# R.f.c Ww1 Cockpit Watch



## clocksandwatched (Jul 25, 2013)

I have a very interesting WW1 aviation cockpit watch and wondered if anyone can help with identifying marks upon the movement? Essentially there is wooden and metal mount which has a screwed bezel into which the watch movement fits, I understand that the mount was fixed to the biplane cockpit and then the watch would be inserted into it after briefing and synchronisation. This is a particularly historical watch as it has a hallmarked silver plaque affixed to it which states 'Salved from a British Aeroplane Shot Down By The Turks, Salt Lake, Suvla Bay, Gallipoli. October 1915.'

I am attempting to get some information from an WW1 aviation site and it seems it may be possible to identify the aircraft which is quite exciting to say the least.

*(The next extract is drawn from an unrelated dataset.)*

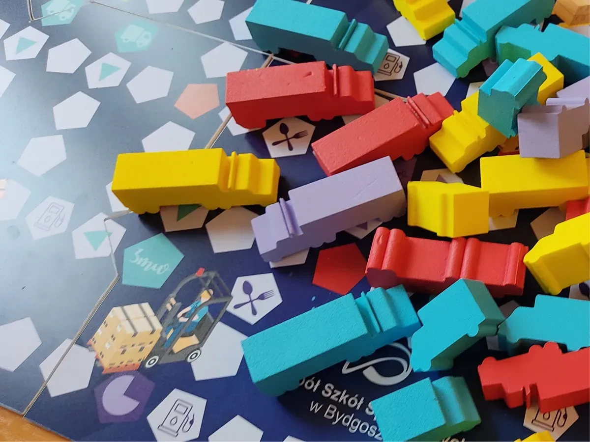 To dynamiczna gra edukacyjna, w której uczniowie wcielają się w spedytorów, planują trasy i zarządzają ładunkami. Projekt powstał w ścisłej współpracy z nauczycielami, dzięki czemu gra idealnie wpisuje się w profil szkoły i wspiera zdobywanie wiedzy. Zaprojektowaliśmy grafikę i wykonaliśmy kompletny zestaw gotowy do gry. Powstała gra łączy edukację z rozrywką, w praktyczny sposób przybliżając zagadnienia logistyki i transportu.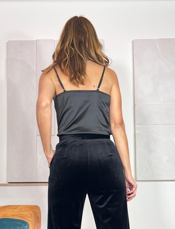Este top lencero en color negro es una de esas prendas que siempre funcionan. Con un tejido suave, caída fluida y un escote decorado con encaje delicado, aporta feminidad y estilo.

The movement itself is in a nickel case and runs for 8 days, it is fully jewelled and has a compensating balance wheel. On the backplate is inscribed

*A Swiss Cross then P.1103-D.R.P 17527 U.S.A.P 816321	*

I have put a few pictures below or you can see the album at http://s918.photobuc...hes/library/RFC

Any information you may be able to give re manufacture would be most appreciated and hope you find post interesting. Many Thanks Martyn


----------